Ms. Nista was taking a break from the usual sale scene at the Altman building on Friday. Her friend, who’d paid a $100 membership fee, had given her a VIP guest pass for the privilege of shopping at Billion Dollar Babes, one of a growing number of shopping events that are sample sales in name but not in spirit. The event features designer items by Cynthia Rowley, Tocca, and Sass & Bide — along with plenty of registers, a bar, complimentary hair styling, and, most important, plenty of space. Lucky Shops, a similar event sponsored by Lucky Magazine, typically draws 5,000 women during a weekend in early November.

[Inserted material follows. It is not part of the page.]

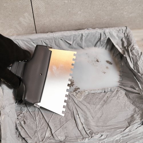 Преимущества Благодаря зубчатой кромке шпатель идеально подходит для работы со строительными и клеевыми смесями

These perks are all part of Kate Nobelius and Shelli-Anne Couch’s attempt to establish a social atmosphere. Their 5-year-old company is part of an overall shift toward turning sample sales into an organized business.

“I think we’re taking the average sample sale and making an international brand of it,” Ms. Nobelius said.

Ms. Lazar, the editor, has run sample sales for designers including Giorgio Armani and Calvin Klein for the past 20 years. The other big names in the sample sale business are Shelly & Renee Productions, Soiffer-Haskin, and SSS Sample Sales. Designers hire them to plan every element of the sale: getting cash registers, booking showrooms, finding temporary staff, and marketing the event.

Brooklyn resident Simone Trakhtenberg was perusing the racks of clothes by Etro, Tracy Reese, and Barbara Bui at Shelly & Renee’s fall sale on Wednesday in Midtown. She said she appreciated the organizers’ personal touch at managed sales.

“This is perfect because it’s comfy and cozy here,” she said. “You get their input and can actually make a good decision.”

According to Ms. Lazar, management services have been instrumental in refining sample sales’ rougher edges. “Sales have gotten a lot more sophisticated,” Ms. Lazar said. “You’re no longer going into a dark, dingy storeroom, up three flights of stairs, where you have to knock on a door three times and say the password.”